Visually, it appears that neighboorhoods and boroughs with a lower Parent Response Rate (RR) also score lower in percent satisfaction of many categories, especially "Supportive Environment." For individual neighborhoods, "Trust" and "Collaborative Teachers" seem to be less correlated to Parent RR. The Percent of Students Who Feel Safe seems to be more correlated to Parent RR than Graduation Rate or Attendance Rate. Also, interestingly, whether CTE programs are offered seems to be inversely related to Parent RR when grouped by Neighborhoods. Looking only at boroughs, Statten Island (SI) stands out more from the other buroughs.
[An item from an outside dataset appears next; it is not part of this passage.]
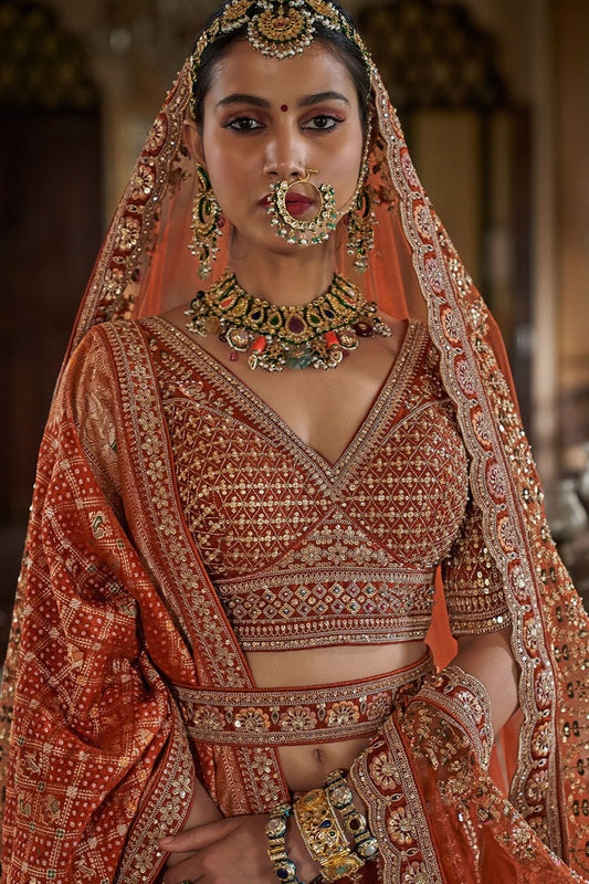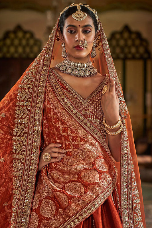 Regular price From £210.58 GBPRegular priceUnit price / per£267.90 GBPSale price From £210.58 GBP-21% OFFOrange Silk Royal Bridal Lehenga Choli SFSJDN33901

While there does not seem to be a strong trend between Percent Satisfaction and borough, there does seem to be a strong trend between School Statistics and borough, suggesting that parents are more concerned with more nuanced measures of school environment rather than the liklihood of their student to graduate or attend class, or the types of programs offered at the school. 

#### 4. Preliminary clustering

In [None]:
from sklearn.preprocessing import scale
from sklearn.cluster import KMeans, AgglomerativeClustering
from sklearn.decomposition import PCA

# Scale the dataset, find PCA and transform coordinates
schoolsScaled = scale(schoolsN[cols3])

PCAmodel = PCA()
schoolsPCA = PCAmodel.fit_transform(schoolsScaled)

# create a new pandas dataframe 

PCAdf = pd.DataFrame(schoolsPCA, index=schoolsN.index,columns=['PC1','PC2','PC3','PC4','PC5','PC6','PC7','PC8'])
PCAcols = ['PC1','PC2','PC3','PC4']
score = []
k = []

# clustering for k = 1 to k = 15
#for i in range(1,15):
 #   model = KMeans(n_clusters=i)
#  model.fit_predict(PCAdf[PCAcols])
 #   score.append(model.score(PCAdf[PCAcols]))
#  k.append(i)

plt.plot(k, score)
plt.ylabel('Inertia')
plt.xlabel('k')
plt.show()

# k = 6
km_model = KMeans(n_clusters=6)
km_fit = km_model.fit_predict(PCAdf[PCAcols])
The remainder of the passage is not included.